На середине улочки, почти загораживая дорогу, стояли, прислонившись к стене, трое панков – два парня и девушка. Все они были в черных косухах и остроносых ботинках. У парней были прически шипами, у одного оранжевая, у другого синяя, у девушки – смоляно-черные волосы, зачесанные на одну сторону и заколотые кровеостанавливающим зажимом. Ее пояс был застегнут полицейскими наручниками, другая пара болталась и лязгала.

– Просто идите вперед, – сказала Эллен. – Может, им и нет до нас дела.

Однако, когда они приблизились, один из парней загородил Хансарду путь и выбросил руку, не то чтобы ударив, но довольно сильно задев его по плечу.

– Ты ведь не спешишь, чувак? В том-то и беда, все вечно спешат.

Он вновь положил руку Хансарду на плечо. Тот сбросил ее.

– Видишь, Билл? Чувак на драку нарывается. Первый начал.

Хансард огляделся. Глаза у подростков были расширенные, темные и голодные.

Внезапно Эллен потянула его за рукав. Она улыбалась – зловеще, как и панки.

– Давай, Джордж, – сказала она, обращаясь к Хансарду. – Вмажь им.

Панк, загородивший ему дорогу, чуть попятился.

– Да, Джордж, вмажь им, – передразнил другой, но голос у него немного дрогнул.

Хансард сглотнул и внутренне подобрался, затем подцепил пальцем наручник у девицы на поясе.

– Так ты их носишь, значит, – сказал он, надеясь, что сиплость в голосе звучит угрожающе, а не показывает его страх.
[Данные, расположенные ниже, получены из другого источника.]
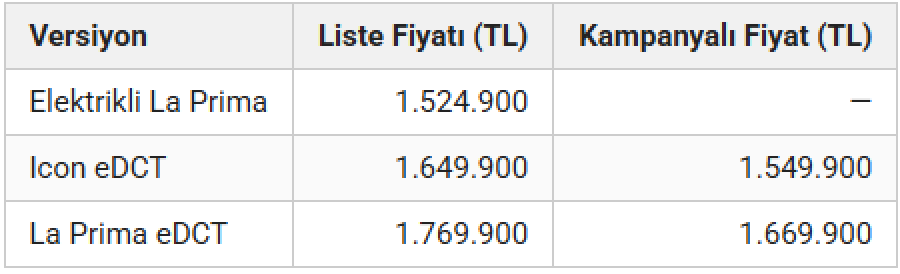 *Listede yer alan Fiat 600 ve 500e modelleri 2025 model yılıyla satılıyor.

Или показывает страх, который чреват опасностью.

Парни, стоявшие до сих пор в расслабленных позах, напряглись. Хансард потянул за наручники, глянул девице прямо в глаза и сказал:

– Ты знаешь, что значит носить их по-настоящему, детка?

Он поймал себя на том, что улыбается. Это не было намеренно или натужно. Его замутило.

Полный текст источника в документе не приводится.